It is significant that when the USA intervened in Panama in 1989 it chose not to rely on invitation by a government. Although it noted that Guillermo Endara (who had a clear claim to the presidency because he had been elected to replace General Noriega, but had been prevented by him from taking power95) had welcomed the intervention, the US legal justification as reported to the Security Council was self-defence in protection of its nationals and defence of the Panama Canal under the 1977 Canal Treaty. This reluctance to rely on invitation may indicate a new caution about using invitation by a ‘legitimate’ rather than an effective government. The Security Council resolution denouncing the US intervention was vetoed by the USA, the UK, and France on the ground that it was unbalanced in that it did not address the illegal nature of the Noriega regime. The General Assembly condemned the intervention in Resolution 44/240 by 75–20–40. This less than overwhelming vote is usually explained as attributable to the hostility to Noriega and the special relation of the USA to Panama. The OAS, however, overwhelmingly condemned the intervention.96

In all these cases of US intervention the defence of nationals was used to mask the use of force to overthrow the government; the motive of the USA was to install a new government more ideologically appealing to it. The claim of invitation was controversial in the case of the Dominican Republic, was not accepted as a justification in the case of Grenada, and was abandoned in Panama. The US interventions clearly went beyond the protection of nationals that was claimed as one of the justifications for the intervention and the invitation was not enough to legitimate the intervention as far as a majority of states were concerned.97

Intervention in Response to Prior Foreign Intervention

Even if there is a civil war, states have justified forcible intervention at the request of the government on the ground that there has been prior foreign intervention against the government. During the Cold War this was a well-established exception to any prohibition of intervention in civil wars, but one of the most abused. (p. 96) The USSR interventions in Czechoslovakia (1968) and Afghanistan (1979) are the most infamous examples of abuse of the doctrine that prior foreign intervention justifies counter-intervention at the request of the government.98 In both the invitation was a fiction. In the former the USSR first claimed invitation by the existing government, but Czechoslovakia appeared before the Security Council to deny this.99 In Afghanistan the USSR installed a new government and then said that it had invited in their forces.

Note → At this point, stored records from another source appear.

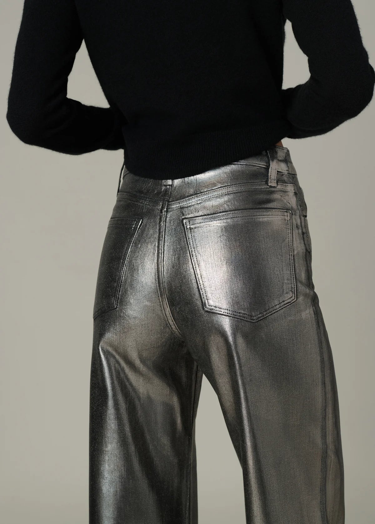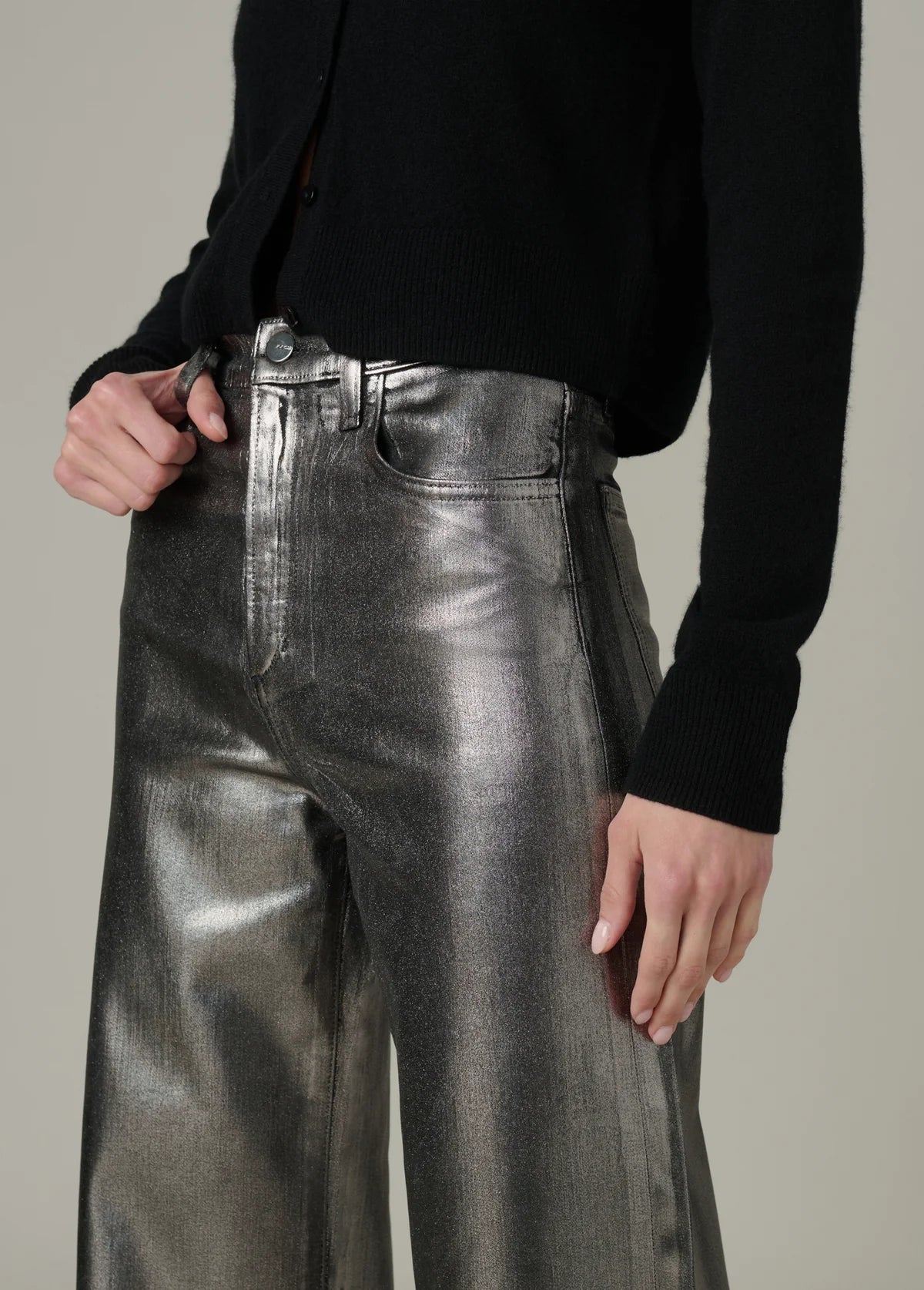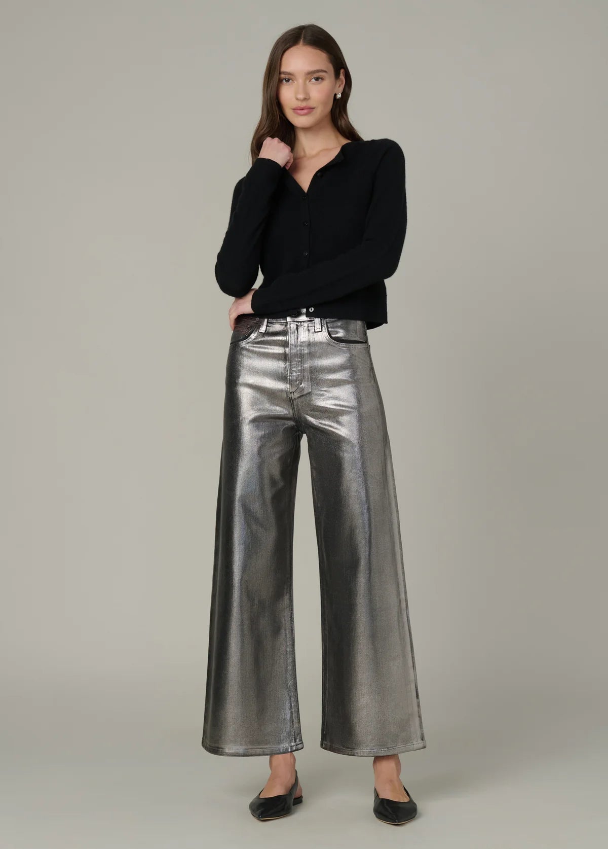 The Mia Wide Leg Ankle Foil offers a sophisticated silhouette with its high-rise waist that fits smoothly through the hips and flows into a wide leg, ending elegantly at the ankle. Featuring a zip fly and classic five-pocket styling, this 28" inseam design combines timeless detail with modern appeal, perfect for a polished yet effortless look.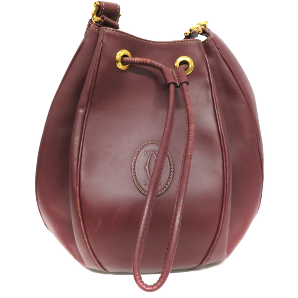 ワインレッドカラーが目を惹くマルチェロラインのカルティエらしいバッグです。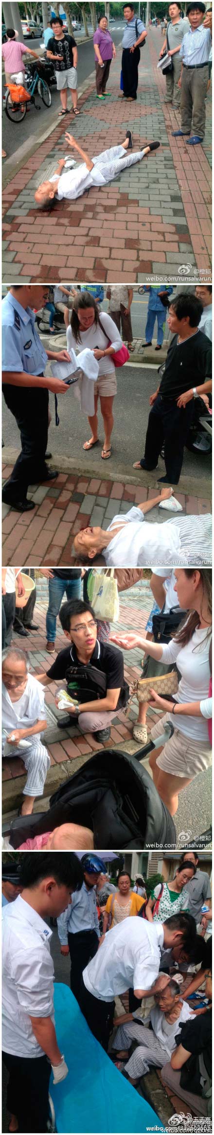 微博稱,圍觀群眾打120得到的回答卻是無車無法調配,無人敢上前扶起老人。上述外籍人士用自己的白絨巾墊在老人頭下,看著地上的血痛哭,還拿出錢給身邊的圍觀者,說幫忙交上醫藥費。過了半個小時左右,救護車才趕來將老人送到了附近的455醫院。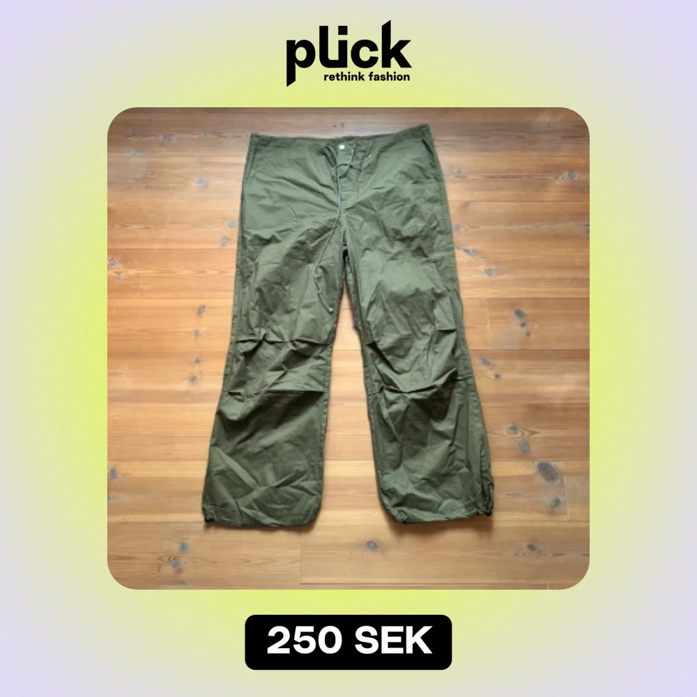 Fallskärmsbyxor i khakifärgat bomullstyg, sitter lågmidjat och går att justera i midjan!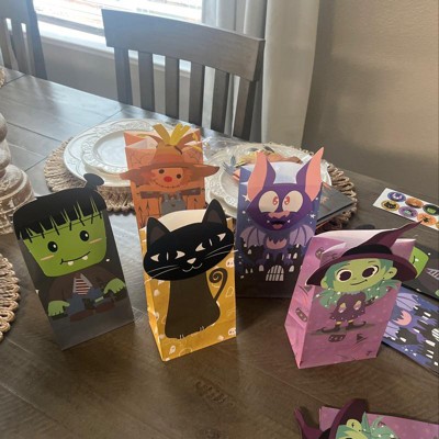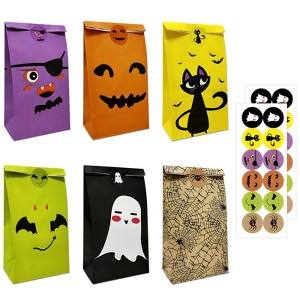 - INCLUDES: Set comes with 24 Halloween treat bags and stickers total. 6 designs x 4 bags and stickers per design.

The intervention in Czechoslovakia was explained by the USSR in terms of the ‘Brezhnev doctrine’ of limited sovereignty for socialist bloc states: this portrayed the movement away from one-party socialism in Czechoslovakia as necessarily the result of foreign subversion and thus as justifying a forcible response by the USSR in collective self-defence.100 Inconsistently with this, the USSR also argued that the matter was a purely internal affair for Czechoslovakia and so not appropriate for discussion in the Security Council.101 Under President Gorbachev the USSR later expressly disavowed the Brezhnev doctrine; the USSR and the four other Warsaw Pact states which had participated in the invasion and occupation made a statement condemning the invasion of Czechoslovakia as an unlawful interference in an internal dispute and an intervention in a friendly state. They also acknowledged that the intervention in Hungary had been unjustified.102 The 75,000 Soviet troops remaining in Czechoslovakia were withdrawn by May 1991. The USSR and Czechoslovakia, and later Russia and Czechoslovakia, concluded Friendship Treaties confirming the denunciation of the 1968 invasion.103

In Afghanistan the new government installed by the USSR said that it had requested Soviet military aid because of foreign threats. The USSR claimed that it was responding to a request from the government to repel armed intervention from outside on the basis of a treaty of December 1978. In the Security Council debate the USSR said that it was responding to US and other Western intervention and China’s intervention in Afghanistan’s internal affairs to foment counter-revolution; in the General Assembly it invoked instead collective self-defence.104 This intervention, unlike that in Czechoslovakia, was condemned by a resolution (p. 97) of the General Assembly.105 The Soviet forces remained until 1989.106 In both these cases, Czechoslovakia and Afghanistan, the claim of an invitation masked an invasion to overthrow the government.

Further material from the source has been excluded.